──────── Data excerpts
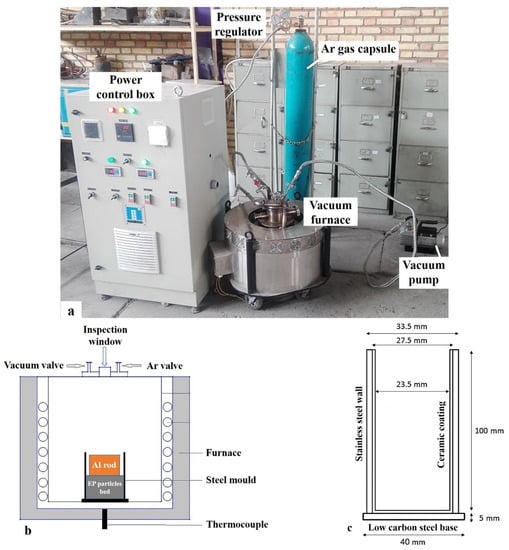 (a) The vacuum melting/pressure infiltration set-up, and schematics of (b) the furnace and (c) the refractory-lined steel moulds used in the experiments.
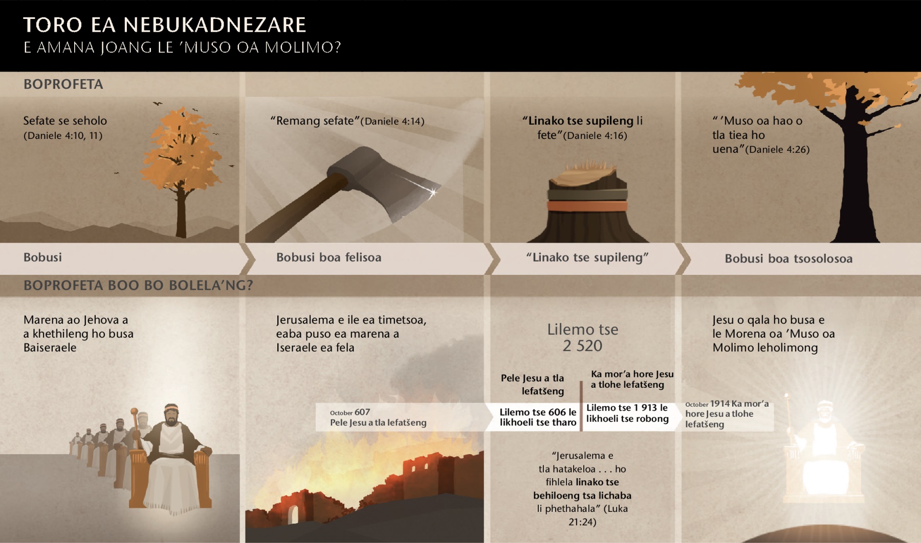 Boprofeta: Jehova o ile a etsa hore Morena Nebukadnezare a lore ka sefate se seholo se ileng sa rengoa. Eaba kutu ea sefate seo e tlangoa ka lebanta le entsoeng ka tšepe le koporo e le hore ho fete “linako tse supileng” se sa hole. Ka mor’a moo, sefate seo se ne se tla boela se hole.—Daniele 4:1, 10-16.
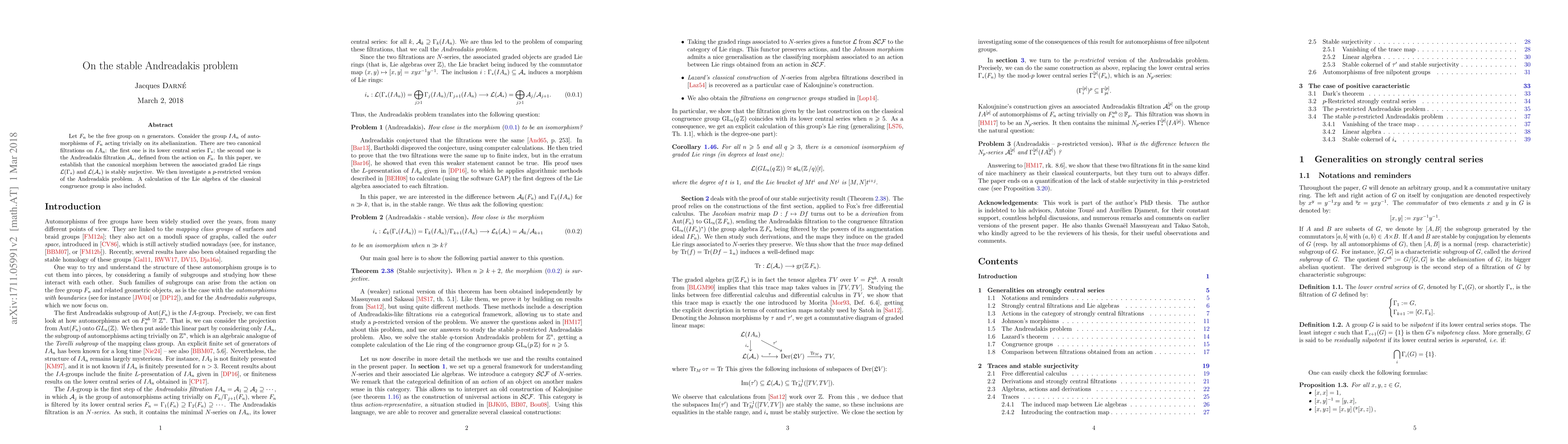 Let $F\_n$ be the free group on $n$ generators. Consider the group $IA\_n$ of automorpisms of $F\_n$ acting trivially on its abelianization. There are two canonical filtrations on $IA\_n$: the first one is its lower central series $\Gamma\_*$; the second one is the Andreadakis filtration $\mathcal A\_*$, defined from the action on $F\_n$. In this paper, we establish that the canonical morphism between the associated graded Lie rings ${\mathcal L}(\Gamma\_*)$ and ${\mathcal L}(\mathcal A\_*)$ is stably surjective. We then investigate a $p$-restricted version of the Andreadakis problem. A calculation of the Lie algebra of the classical congruence group is also included.
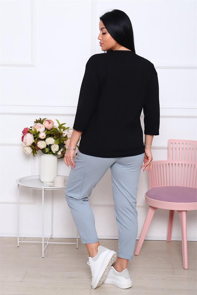 Костюм Кэжуал, стильная и элегантная футболка с рукавом 3/4 с подворотами и с печатью на полочке. Спинка футболки немного длиннее полочки. Брюки укороченные с подворотами, с одним карманом на левой брючине, пояс широкий, эластичный, комфортный.
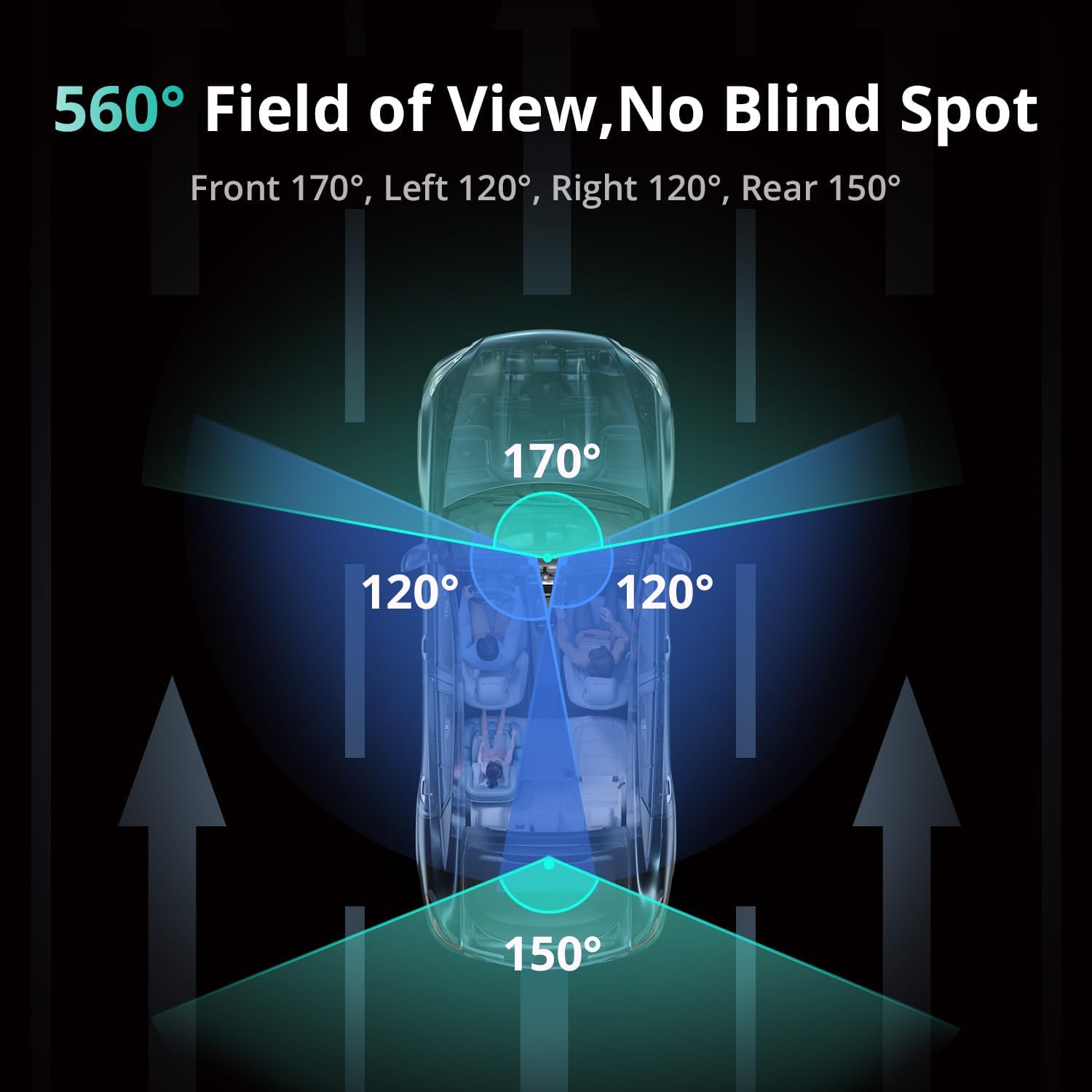 - [4 Channel Dash Cam] 3K 4 channel dash cam Compared with the traditional 2K dash cam, capturing crystal-clear license plates even at night! With a 170° front camera, dual 120° side, and 150° rear, you've got complete 560°coverage that leaves no blind spots unmonitored. All four cameras record simultaneously, giving you foolproof evidence of any incident.The side cameras feature a detachable magnetic mount, allowing you to switch between 3 channel (4K+1080P*2) or daul dash cam (4K+1080P) modes.
────────────────
The problem: Only one stretch of the material above is wanted: the line containing "Let $F\_n$ be" through the line containing "Костюм Кэжуал, стильная". Restate it word for word, minus the pictures.

Final answer:
 Let $F\_n$ be the free group on $n$ generators. Consider the group $IA\_n$ of automorpisms of $F\_n$ acting trivially on its abelianization. There are two canonical filtrations on $IA\_n$: the first one is its lower central series $\Gamma\_*$; the second one is the Andreadakis filtration $\mathcal A\_*$, defined from the action on $F\_n$. In this paper, we establish that the canonical morphism between the associated graded Lie rings ${\mathcal L}(\Gamma\_*)$ and ${\mathcal L}(\mathcal A\_*)$ is stably surjective. We then investigate a $p$-restricted version of the Andreadakis problem. A calculation of the Lie algebra of the classical congruence group is also included.
 Костюм Кэжуал, стильная и элегантная футболка с рукавом 3/4 с подворотами и с печатью на полочке. Спинка футболки немного длиннее полочки. Брюки укороченные с подворотами, с одним карманом на левой брючине, пояс широкий, эластичный, комфортный.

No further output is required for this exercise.